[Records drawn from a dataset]
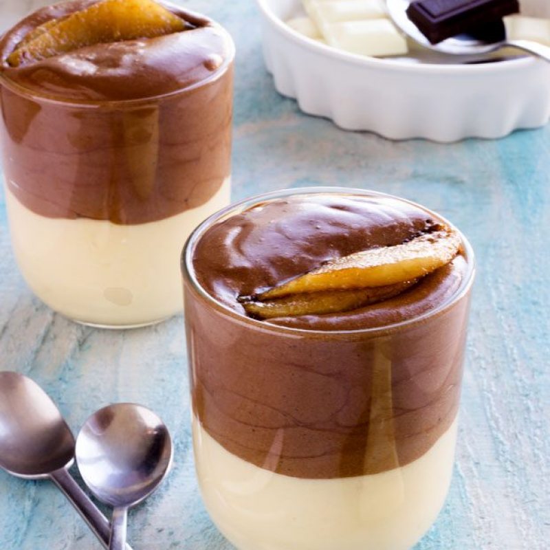 So easy and delicious—In this high-contrast, amazing looking dessert, white and dark layered chocolate mousse is topped with deliciously caramelized pear slices. This treat is so light an fluffy your guests will ask for more!
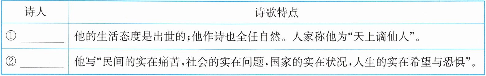 (1)《诗第十二》一章介绍了许多诗人及其诗歌的特点,小语向同学们展示了他制作的读书笔记,请你在下表的横线上填入合适的人名,使之与诗歌特点相符。
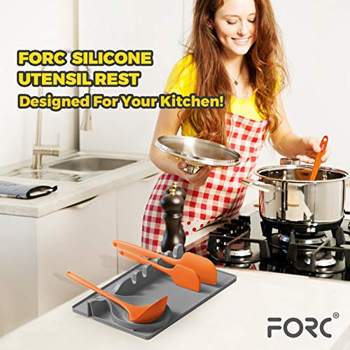 • Forc Silicone Spoon Rest 2 in 1 Larger Size Silicone Spoon Holder for Stove Top, Upgraded Utensil Rest with Drip Pad Include 5 Slots & 1 Spoon Holder, Easy to Clean, Hang Hole Design, Grey
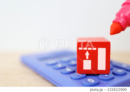 物価高や増税を示す上昇グラフと電卓のマネーイメージ。
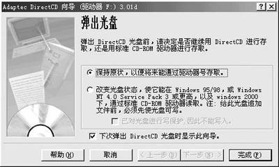 第二项,“改变光盘状态,使它能在Windows95/98或Windows NT 4.0 Service Pack 3或更高,以及Windows 2000下,通过标准CD-ROM光驱读取。”
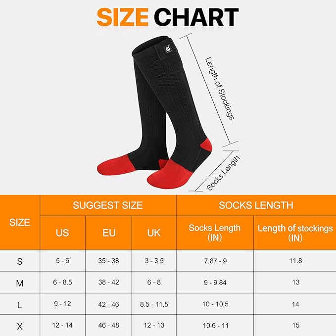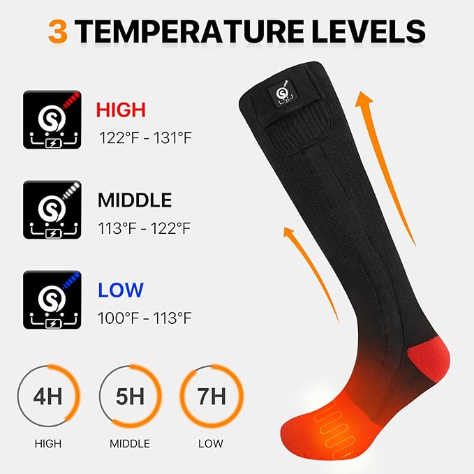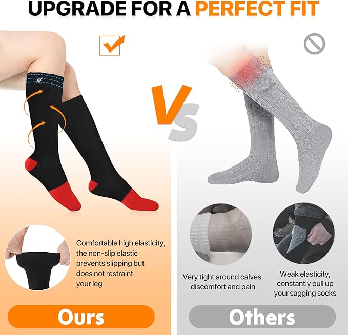 • 【Upgrade For A Perfect Fit】Heated socks increased wire softness by 10%, ensuring a more comfortable high elasticity. Prevent slipping but do not restrict your legs.
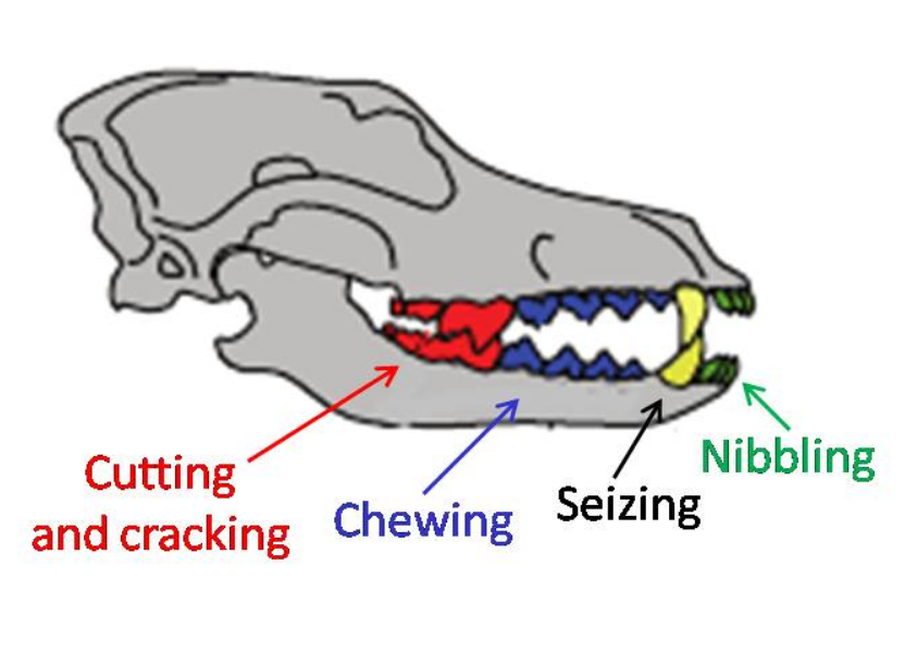 In comparison to other gray wolves, megafaunal wolf samples include many more individuals with moderately to heavily worn teeth, and significantly greater numbers of broken teeth. The distribution of fractures across the tooth row differs as well, with these wolves having much higher fracture frequencies of incisors, carnassials, and molars. A similar pattern was observed in spotted hyenas, suggesting that increased incisor and carnassial fracture reflects habitual bone consumption, because bones are gnawed with incisors and subsequently cracked with the cheek teeth.[1]:1148

EXERCISE DESCRIPTION:
Copy each line above exactly, with no images.

RESPONSE:
 So easy and delicious—In this high-contrast, amazing looking dessert, white and dark layered chocolate mousse is topped with deliciously caramelized pear slices. This treat is so light an fluffy your guests will ask for more!
 (1)《诗第十二》一章介绍了许多诗人及其诗歌的特点,小语向同学们展示了他制作的读书笔记,请你在下表的横线上填入合适的人名,使之与诗歌特点相符。
 • Forc Silicone Spoon Rest 2 in 1 Larger Size Silicone Spoon Holder for Stove Top, Upgraded Utensil Rest with Drip Pad Include 5 Slots & 1 Spoon Holder, Easy to Clean, Hang Hole Design, Grey
 物価高や増税を示す上昇グラフと電卓のマネーイメージ。
 第二项,“改变光盘状态,使它能在Windows95/98或Windows NT 4.0 Service Pack 3或更高,以及Windows 2000下,通过标准CD-ROM光驱读取。”
 • 【Upgrade For A Perfect Fit】Heated socks increased wire softness by 10%, ensuring a more comfortable high elasticity. Prevent slipping but do not restrict your legs.
 In comparison to other gray wolves, megafaunal wolf samples include many more individuals with moderately to heavily worn teeth, and significantly greater numbers of broken teeth. The distribution of fractures across the tooth row differs as well, with these wolves having much higher fracture frequencies of incisors, carnassials, and molars. A similar pattern was observed in spotted hyenas, suggesting that increased incisor and carnassial fracture reflects habitual bone consumption, because bones are gnawed with incisors and subsequently cracked with the cheek teeth.[1]:1148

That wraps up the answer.